Source records:
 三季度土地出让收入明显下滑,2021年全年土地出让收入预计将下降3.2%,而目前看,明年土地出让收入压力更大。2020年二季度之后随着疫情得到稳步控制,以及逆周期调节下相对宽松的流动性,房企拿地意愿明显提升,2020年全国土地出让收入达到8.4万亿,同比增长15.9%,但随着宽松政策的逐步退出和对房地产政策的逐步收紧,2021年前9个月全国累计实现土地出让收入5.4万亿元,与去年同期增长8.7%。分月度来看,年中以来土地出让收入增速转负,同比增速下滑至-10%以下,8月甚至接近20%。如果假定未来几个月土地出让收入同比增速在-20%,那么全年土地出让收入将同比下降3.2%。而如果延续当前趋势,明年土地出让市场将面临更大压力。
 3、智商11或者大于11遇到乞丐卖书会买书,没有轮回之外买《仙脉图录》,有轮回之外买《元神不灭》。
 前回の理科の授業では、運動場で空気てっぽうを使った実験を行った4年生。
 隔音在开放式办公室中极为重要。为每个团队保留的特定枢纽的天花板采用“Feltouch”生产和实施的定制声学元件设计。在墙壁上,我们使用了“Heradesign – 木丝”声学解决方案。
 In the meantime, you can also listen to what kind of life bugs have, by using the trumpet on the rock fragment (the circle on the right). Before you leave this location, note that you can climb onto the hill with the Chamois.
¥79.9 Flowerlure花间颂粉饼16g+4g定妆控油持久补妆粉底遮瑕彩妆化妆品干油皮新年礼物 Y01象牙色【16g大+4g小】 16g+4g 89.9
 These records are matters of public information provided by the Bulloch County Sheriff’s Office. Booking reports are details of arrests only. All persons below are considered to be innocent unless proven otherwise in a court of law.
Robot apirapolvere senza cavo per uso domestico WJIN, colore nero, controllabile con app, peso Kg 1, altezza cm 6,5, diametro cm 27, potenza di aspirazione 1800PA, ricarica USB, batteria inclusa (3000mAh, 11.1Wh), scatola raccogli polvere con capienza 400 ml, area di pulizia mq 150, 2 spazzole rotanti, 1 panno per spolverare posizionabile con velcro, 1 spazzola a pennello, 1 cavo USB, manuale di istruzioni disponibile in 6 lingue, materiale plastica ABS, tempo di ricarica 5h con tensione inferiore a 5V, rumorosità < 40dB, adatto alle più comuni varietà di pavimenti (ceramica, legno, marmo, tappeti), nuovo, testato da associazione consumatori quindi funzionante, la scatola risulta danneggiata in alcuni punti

==

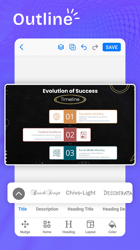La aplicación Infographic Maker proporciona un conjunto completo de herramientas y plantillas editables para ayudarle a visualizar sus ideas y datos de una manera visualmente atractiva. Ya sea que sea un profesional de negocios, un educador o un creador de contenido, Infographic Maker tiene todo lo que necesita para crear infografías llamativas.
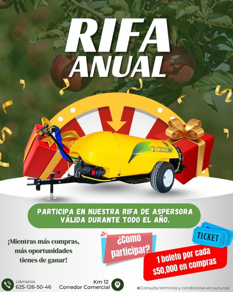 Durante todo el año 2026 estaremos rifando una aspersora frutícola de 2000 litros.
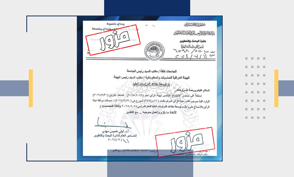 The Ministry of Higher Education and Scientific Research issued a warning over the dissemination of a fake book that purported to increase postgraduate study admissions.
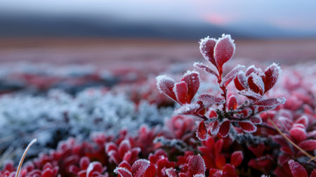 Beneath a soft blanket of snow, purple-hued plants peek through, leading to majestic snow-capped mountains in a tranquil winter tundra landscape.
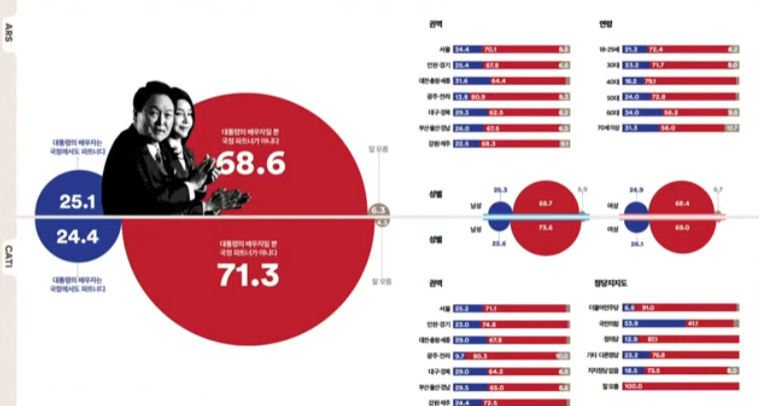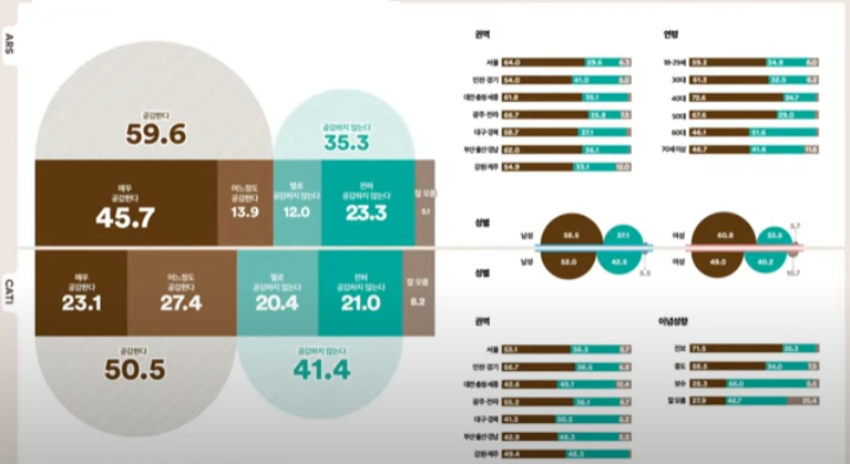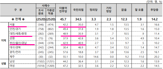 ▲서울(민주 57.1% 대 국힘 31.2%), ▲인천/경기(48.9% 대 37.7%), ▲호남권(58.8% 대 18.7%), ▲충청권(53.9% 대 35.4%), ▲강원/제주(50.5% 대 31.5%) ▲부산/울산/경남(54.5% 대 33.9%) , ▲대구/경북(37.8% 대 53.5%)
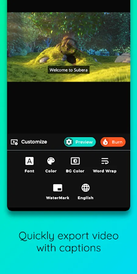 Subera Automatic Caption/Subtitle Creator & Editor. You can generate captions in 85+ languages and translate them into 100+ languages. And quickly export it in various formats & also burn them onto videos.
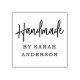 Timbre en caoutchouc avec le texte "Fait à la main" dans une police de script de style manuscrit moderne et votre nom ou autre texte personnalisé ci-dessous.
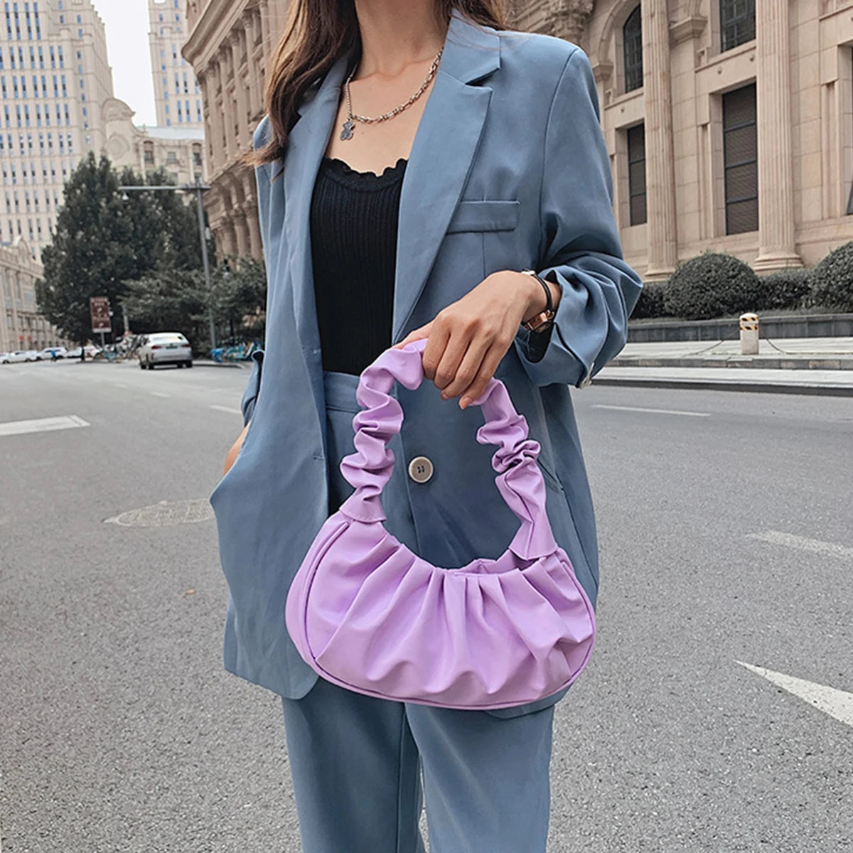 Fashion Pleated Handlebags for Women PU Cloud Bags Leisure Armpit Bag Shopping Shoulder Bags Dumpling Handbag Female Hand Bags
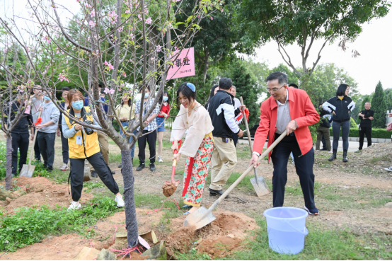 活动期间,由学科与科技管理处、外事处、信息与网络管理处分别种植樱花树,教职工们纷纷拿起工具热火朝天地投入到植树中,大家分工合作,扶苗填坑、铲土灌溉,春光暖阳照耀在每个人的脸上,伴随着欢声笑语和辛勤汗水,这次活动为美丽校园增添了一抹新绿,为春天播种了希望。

Action item: Your answer should consist only of the lines above between the line holding "These records are" and the line holding "Robot apirapolvere senza", inclusive, each transcribed exactly.

Solution to the problem:
 These records are matters of public information provided by the Bulloch County Sheriff’s Office. Booking reports are details of arrests only. All persons below are considered to be innocent unless proven otherwise in a court of law.
Robot apirapolvere senza cavo per uso domestico WJIN, colore nero, controllabile con app, peso Kg 1, altezza cm 6,5, diametro cm 27, potenza di aspirazione 1800PA, ricarica USB, batteria inclusa (3000mAh, 11.1Wh), scatola raccogli polvere con capienza 400 ml, area di pulizia mq 150, 2 spazzole rotanti, 1 panno per spolverare posizionabile con velcro, 1 spazzola a pennello, 1 cavo USB, manuale di istruzioni disponibile in 6 lingue, materiale plastica ABS, tempo di ricarica 5h con tensione inferiore a 5V, rumorosità < 40dB, adatto alle più comuni varietà di pavimenti (ceramica, legno, marmo, tappeti), nuovo, testato da associazione consumatori quindi funzionante, la scatola risulta danneggiata in alcuni punti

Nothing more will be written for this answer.